My Director of Finance decided that we all needed to upgrage our cell phones so he outfitted me yesterday with a new blackberry (I always thought that was something to eat but I was wrong). The past couple days I have been frustrated just trying to figure out how to answer the thing. He said we needed these things so the staff could text message important information among ourselves. I just don't understand why they think texting is so much easier than just calling and talking. Besides that, I know how to spell the old fashioned way so none of them can read my messages. I am NOT going to wear one of those stupid looking contraptions on my ear. I guess I am just too old.Anyway, thanks for the kind words. I hope you, Daisy, and the kids have a good year too.
Wow, my jaw is hitting the floor. You may be the very first man over the age of 45 (I'm making an assumption here) who doesn't consider a blue tooth the ultimate fashion statement. You mean you don't walk around with one permanently stuck to your ear? You don't talk to yourself in public places? You don't flash a blue light during the Sunday sermon? Man, you are out of the loop. (snicker)Happy New Year!!
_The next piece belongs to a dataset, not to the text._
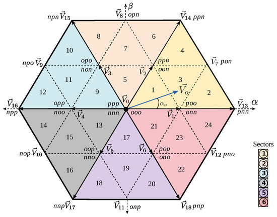- Zero Vector , represents three switching states ppp, nnn, and ooo, the magnitude of is zero.

Daisy,I noticed that too; they're all old guys. They're obnoxious, annoying, and rude. And besides, those things clamped on their ears look stupid. I have already received about three or four tickets for seatbelt violations and that hasn't changed me so, it's inevitable; I'll probably get cited for driving while talking. I don't know what the problem is. I can eat, talk on the cell phone, write, and read whild driving.It's called "multi-tasking."
I heard that the Anti-Christ has a blue tooth also.